Having been endorsed by the government, UK SRS S1 (general requirements for sustainability disclosures) and UK SRS S2 (climate) are now available for voluntary adoption.
The DBT has clarified that public companies reporting in accordance with UK SRS S2 will meet their legal requirements to disclose climate-related financial information under the Companies Act.
The Financial Conduct Authority proposed earlier this month an update to its listing rules, which would phase in mandatory reporting under the government-endorsed standards from 2027.
Furthermore, the government announced that it will “consider whether to require private companies to report information in accordance” the standards, as part of its upcoming consultation on a programme to modernise the UK corporate reporting regime.
The UK standards are adapted from IFRS S1 and IFRS S2 and broadly mirror the international standards, with some minor amendments.
One key distinction is that the UK standards state that companies ‘may’ refer to SASB standards for industry-specific metrics, whereas the ISSB standards require preparers to refer to and consider the applicability of the SASB standards.
This amendment was recommended by the UK Sustainability Disclosure Policy and Implementation Committee (PIC), which noted that the SASB disclosure requirements are generally US-focused and the materials had not been the same level of due process compared with IFRS S1 and S2.
Notably, the UK Sustainability Disclosure Technical Advisory Committee (TAC) did not recommend making this amendment. However, the government chose to pursue the PIC’s recommendation in the exposure drafts and 70% of the respondents to the consultation supported the removal of the obligation to consider the SASB standards.
Many of the consultation respondents that disagreed with this amendment raised concerns over the potential loss of consistency and comparability with the international standards.
The ISSB is currently undertaking a project to make the SASB standards more internationally applicable, and the DBT has indicated that it will review the amendment in the UK SRS once this project has been completed.
Another PIC recommended amendments, which has been adopted, allows companies voluntarily reporting under the standards to use the transitional reliefs indefinitely until disclosure requirements takes effect.
This aims to encourage voluntary adoption before the introduction of mandatory reporting, and was supported by 83% of the consultation respondents.
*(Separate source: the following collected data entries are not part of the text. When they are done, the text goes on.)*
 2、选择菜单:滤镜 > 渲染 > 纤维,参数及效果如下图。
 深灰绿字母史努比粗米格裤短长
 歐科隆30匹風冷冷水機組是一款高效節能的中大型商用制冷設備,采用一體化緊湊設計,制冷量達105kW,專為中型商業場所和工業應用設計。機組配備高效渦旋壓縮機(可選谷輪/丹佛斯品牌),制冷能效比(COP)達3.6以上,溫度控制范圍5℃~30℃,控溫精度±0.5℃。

Entities using all the available reliefs can assert compliance with UK SRS S2. However, they will not have complied with UK SRS S1 if they use the provision which allows them to only disclose climate-related information.
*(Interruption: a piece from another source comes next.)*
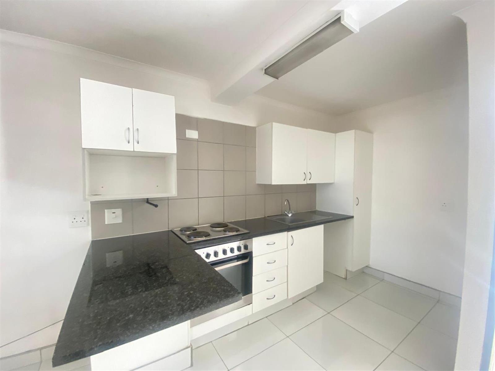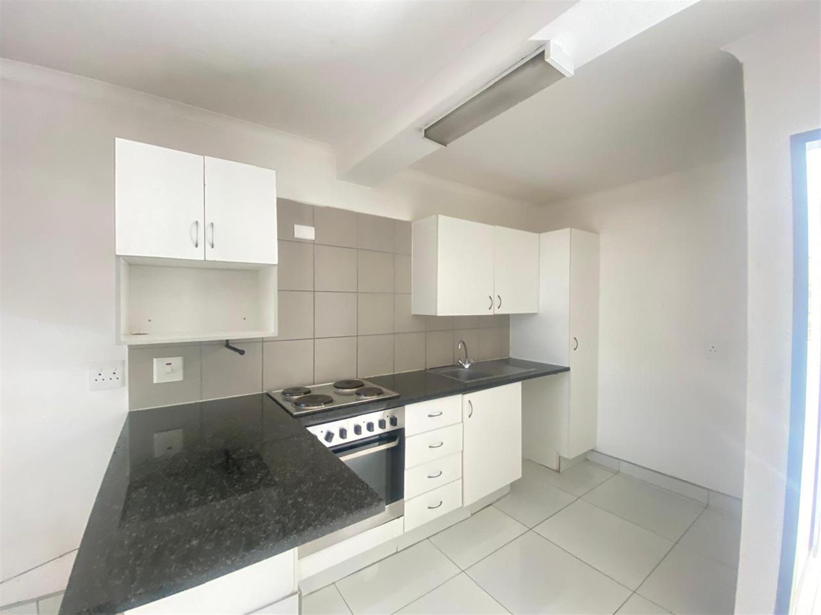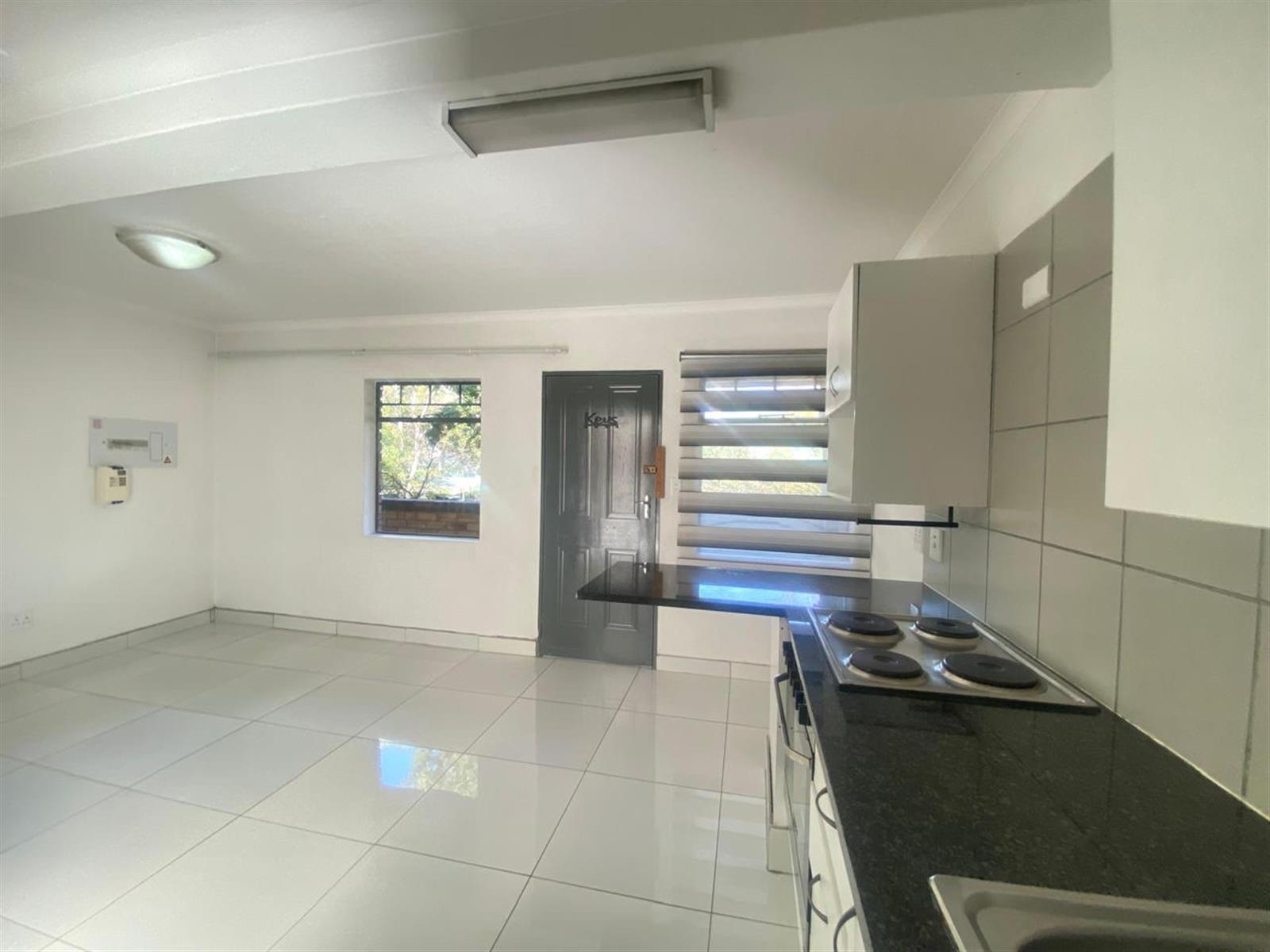 The apartment offers a spacious open-plan living area that flows effortlessly into a neat kitchen with ample cupboard space and room for appliances. The bedroom is generously sized with built-in cupboards, and the en-suite bathroom is modern, private, and designed for easy everyday living.

In line with the TAC’s recommendations, the UK has removed the transitional relief provided in IFRS S1 which allows entities publish sustainability-related information at a different time to their financial statements in the first year of reporting.
According to the DBT, most consultation responses agreed with this amendment on the basis that investors value integrated disclosures and UK companies have experience in reporting climate information, as TCFD-aligned disclosure requirements have been in place since 2021.
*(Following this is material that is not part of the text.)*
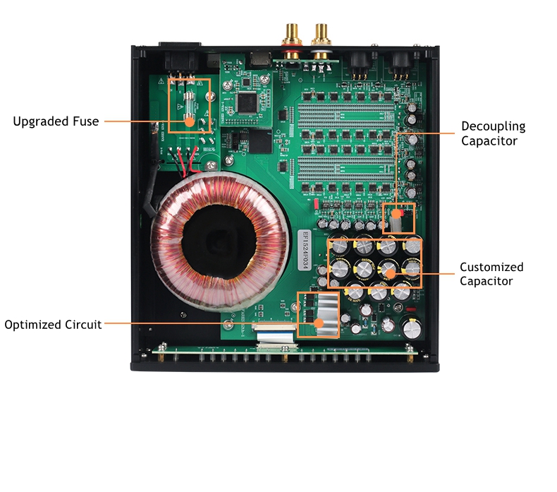 - Capacitor bank: Electrolytic capacitors are customized according to DENAFRIPS specifications. High bias linear power regulator.
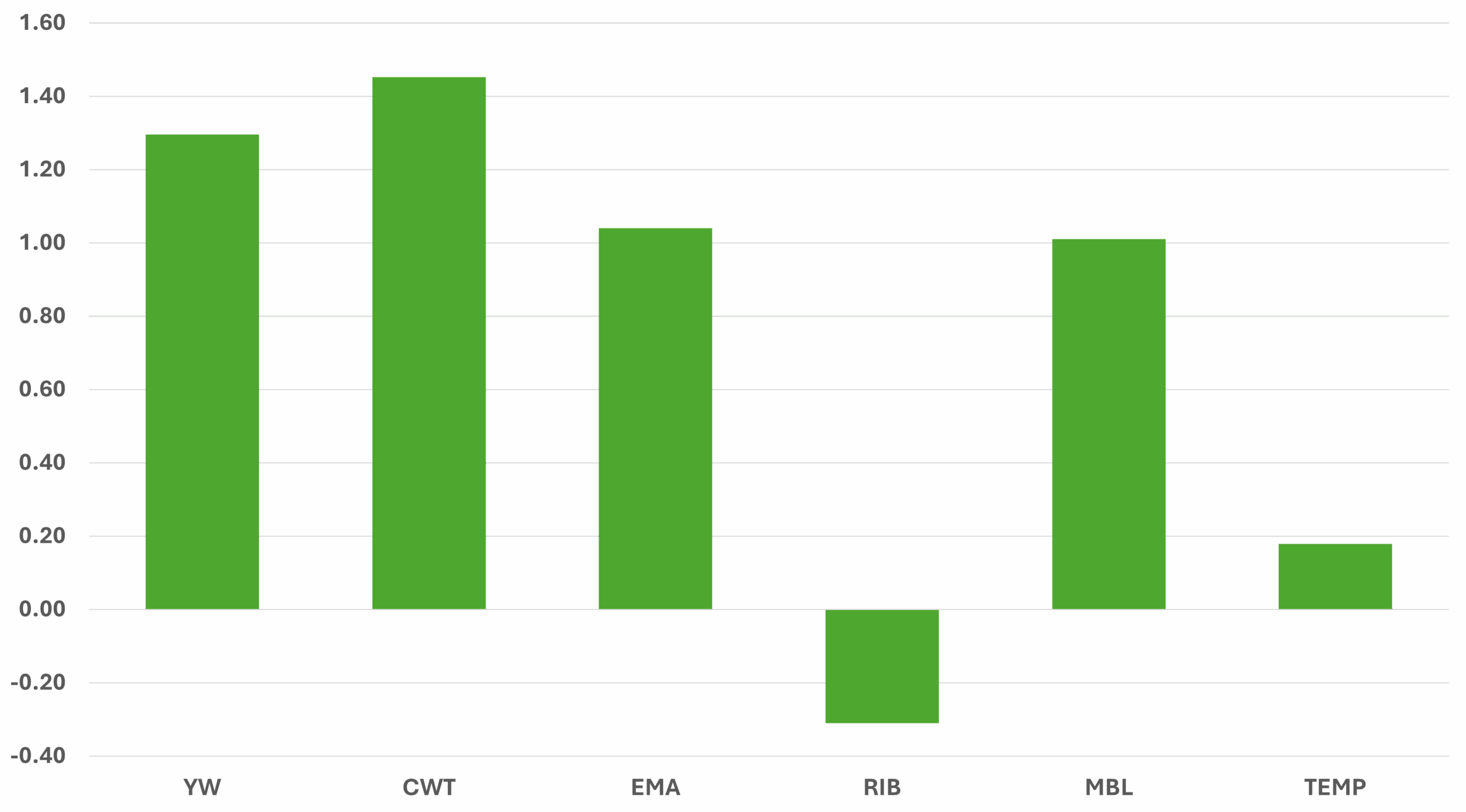 The selection advantage of steers selected using the Angus Steer Value is shown in the below graph. The selection advantage is calculated by ranking all animals currently tested via SteerSELECT™ on Angus Steer Value, and comparing the average genomic predictions of the steers in the top 10% with the average genomic predictions of all steers available for selection.

In addition, the effective date clauses have been removed from the standards, as these will be established in legislation and regulation. Similarly, UK regulators and policymakers will determine how long the reliefs from reporting Scope 3 GHG emissions and non-climate sustainability information are available for.
Finally, the government has incorporated the TAC’s recommendation of adding a requirement for financial institutions to explain why they have not been able to comply with the financed emissions disclosure requirements in UK SRS 2.
Firms that do not report financed emissions will therefore have to explain they approaches to measuring these emissions and how they plan to meet the requirements in full.